Diese kostspielige Erfahrung brachte den Gründer auf die Idee, Blogger und andere Meinungsmacher mit Werbetreibenden in einem kommerziellen Rahmen zusammenzubringen - die Idee zur Plattform Ranksider.de war geboren.

Firmen und Blogger zusammenbringen

Die auf dem Prinzip des Crowdsourcings basierende Plattform Ranksider ging im August 2011 online. Ziel ist es, Unternehmen zu helfen, ihre Produkte und Marken im Internet ins Gespräch zu bringen und gleichzeitig ihr Ranking in den Suchmaschinen zu verbessern (Search Engine Optimization = SEO). Das Prinzip des Self-Service-Marktplatzes ist einfach: Werbetreibende Unternehmen (Advertiser) registrieren sich kostenlos auf der Plattform und starten eine entsprechende Kampagne. Die "Meinungsmacher" - in erster Linie Blog-Inhaber und Betreiber anderer thematisch spezialisierter Websites - werden durch Ranksider über die Kampagne informiert und können hierfür ein Gebot abgeben. Advertiser wählen das passende Gebot und vergeben den Auftrag. Das Startup konnte mehr als 200 Kunden von sich überzeugen - Tendenz steigend. (am)

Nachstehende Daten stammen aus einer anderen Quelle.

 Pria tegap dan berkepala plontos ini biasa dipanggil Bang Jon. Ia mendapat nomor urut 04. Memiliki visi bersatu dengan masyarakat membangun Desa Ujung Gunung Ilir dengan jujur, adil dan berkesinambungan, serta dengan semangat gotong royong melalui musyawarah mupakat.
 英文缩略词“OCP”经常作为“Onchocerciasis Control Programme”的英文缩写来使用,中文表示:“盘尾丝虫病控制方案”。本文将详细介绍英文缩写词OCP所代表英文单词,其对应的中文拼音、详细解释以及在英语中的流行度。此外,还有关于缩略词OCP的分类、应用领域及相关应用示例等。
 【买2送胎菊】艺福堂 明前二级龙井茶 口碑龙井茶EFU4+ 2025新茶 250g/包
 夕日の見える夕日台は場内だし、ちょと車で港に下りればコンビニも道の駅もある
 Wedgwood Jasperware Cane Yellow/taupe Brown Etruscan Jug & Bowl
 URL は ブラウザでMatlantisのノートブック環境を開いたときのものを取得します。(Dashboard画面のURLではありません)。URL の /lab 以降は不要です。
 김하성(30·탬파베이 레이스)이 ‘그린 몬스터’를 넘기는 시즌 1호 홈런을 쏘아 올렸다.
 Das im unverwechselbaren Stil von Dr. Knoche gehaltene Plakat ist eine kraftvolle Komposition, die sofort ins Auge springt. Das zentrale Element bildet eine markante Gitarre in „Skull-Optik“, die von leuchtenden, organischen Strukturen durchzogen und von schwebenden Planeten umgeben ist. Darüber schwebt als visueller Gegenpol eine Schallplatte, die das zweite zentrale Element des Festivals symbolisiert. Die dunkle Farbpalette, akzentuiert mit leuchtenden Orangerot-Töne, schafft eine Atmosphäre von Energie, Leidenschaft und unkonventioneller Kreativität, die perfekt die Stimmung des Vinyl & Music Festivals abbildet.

Wachstum - vorerst ohne Investoren und Business Angels

Noch schreibt die Crowdsourcing-Plattform keine schwarzen Zahlen, ist aber laut Wahid Rahim, der das Projekt aus eigenen Mitteln finanziert, "Cashflow-positiv".

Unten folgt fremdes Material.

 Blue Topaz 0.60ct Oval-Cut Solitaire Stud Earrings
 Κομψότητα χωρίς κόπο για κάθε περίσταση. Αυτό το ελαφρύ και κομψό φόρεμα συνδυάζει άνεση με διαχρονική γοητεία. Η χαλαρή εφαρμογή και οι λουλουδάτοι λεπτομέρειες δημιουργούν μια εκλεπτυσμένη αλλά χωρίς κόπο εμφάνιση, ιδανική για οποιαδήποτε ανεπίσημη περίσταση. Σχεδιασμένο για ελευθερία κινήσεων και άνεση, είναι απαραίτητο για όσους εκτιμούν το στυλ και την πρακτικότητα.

Ranksider finanziert sich derzeit durch eine Provisionsvergütung von 30 Prozent des Auftragswerts einer jeweiligen Kampagne, welche durch die Kunden vorfinanziert wird. Hierdurch verschaffe man sich laut Rahim stets einen finanziellen Puffer. Eine größere Finanzierungsrunde durch Investoren oder Business Angels steht im Augenblick nicht auf der Agenda, grundsätzlich abgeneigt ist der Gründer jedoch nicht.

Für das laufende Jahr rechnet Rahim mit einer Verzehnfachung des Umsatzes, 2013 soll Ranksider schwarze Zahlen vorweisen können.